DATA BELOW ->
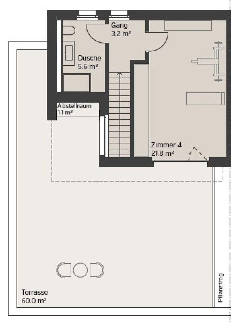 Das Attikageschoss verwöhnt mit viel Licht, Grosszügigkeit und Weitsicht. Der Masterbedroom mit Badezimmer en suite und Zugang zur 60 m² grossen Terrasse vervollständigt das Raumangebot dieser überzeugenden Liegenschaft.
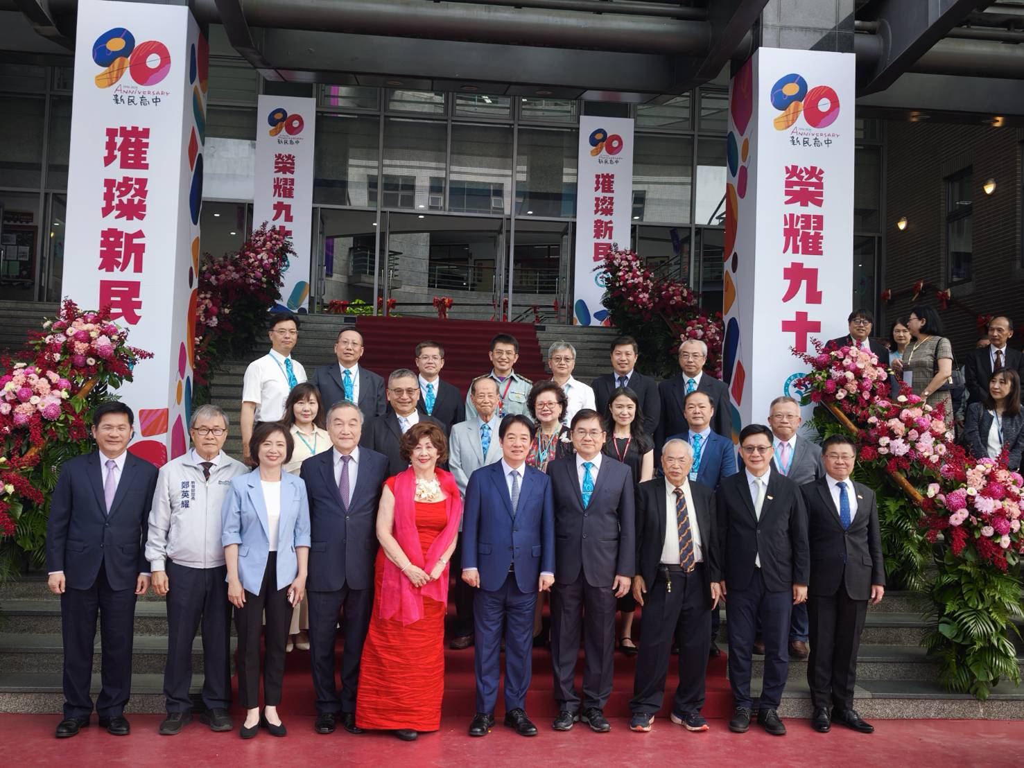新民高中4月18日舉行創校90週年校慶慶祝大會,以「榮耀九十・璀璨新民」為主題,總統親臨致詞祝賀,現場匯聚中央、地方重要貴賓、國際來賓、校友及全體師生,共同見證新民九十年來的重要里程碑,氣氛隆重而熱烈。
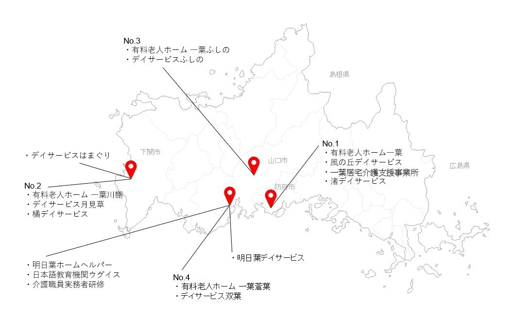 弊社は、山口県下関市・山口市・防府市などにデイサービスや有料老人ホームを数多く運営しております。地域の皆様に愛されるよう、地域に根差した活動やスタッフ教育、円滑な施設運営を行っております。
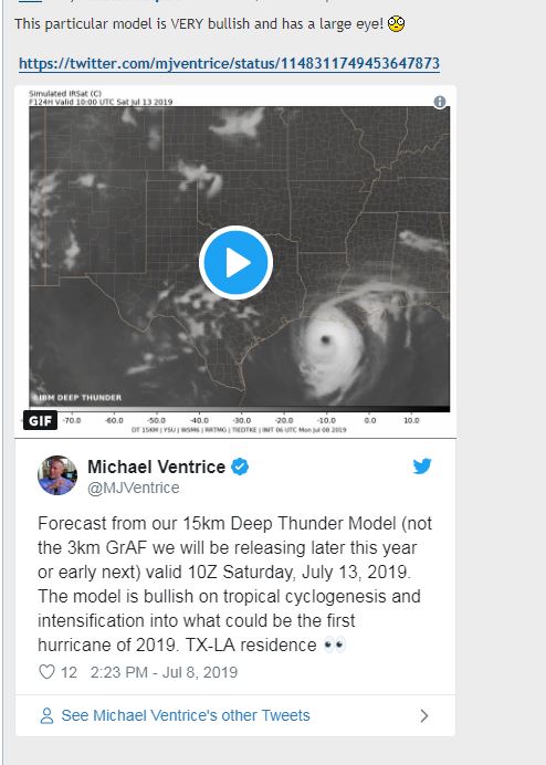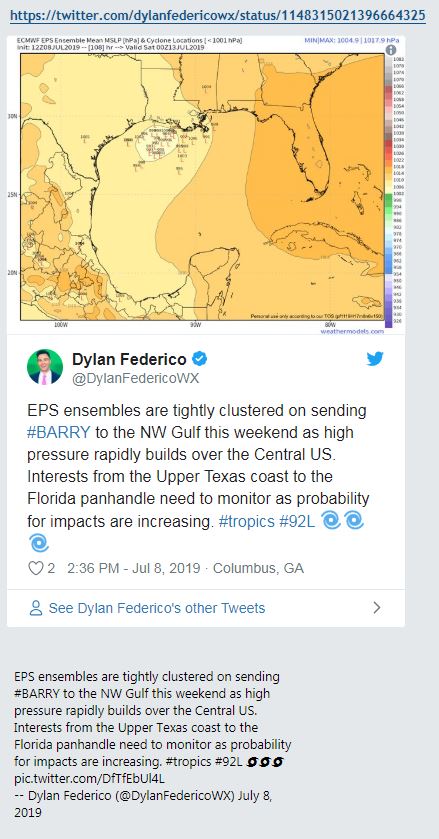 Update: 12z UKMET has a Category 1 hurricane or stronger tropical storm at Morgan City LA on Saturday evening. Operational ECMWF shows a possible Barry west of Beaumont TX Saturday night. GFS ensemble mean suggests tropical depression Galveston Bay. GGEM members are not showing an organization of this threat.

WORK TO COMPLETE -> In full and without error, repeat the listing above, omitting its images.

WORKED SOLUTION ->
 Das Attikageschoss verwöhnt mit viel Licht, Grosszügigkeit und Weitsicht. Der Masterbedroom mit Badezimmer en suite und Zugang zur 60 m² grossen Terrasse vervollständigt das Raumangebot dieser überzeugenden Liegenschaft.
新民高中4月18日舉行創校90週年校慶慶祝大會,以「榮耀九十・璀璨新民」為主題,總統親臨致詞祝賀,現場匯聚中央、地方重要貴賓、國際來賓、校友及全體師生,共同見證新民九十年來的重要里程碑,氣氛隆重而熱烈。
 弊社は、山口県下関市・山口市・防府市などにデイサービスや有料老人ホームを数多く運営しております。地域の皆様に愛されるよう、地域に根差した活動やスタッフ教育、円滑な施設運営を行っております。
 Update: 12z UKMET has a Category 1 hurricane or stronger tropical storm at Morgan City LA on Saturday evening. Operational ECMWF shows a possible Barry west of Beaumont TX Saturday night. GFS ensemble mean suggests tropical depression Galveston Bay. GGEM members are not showing an organization of this threat.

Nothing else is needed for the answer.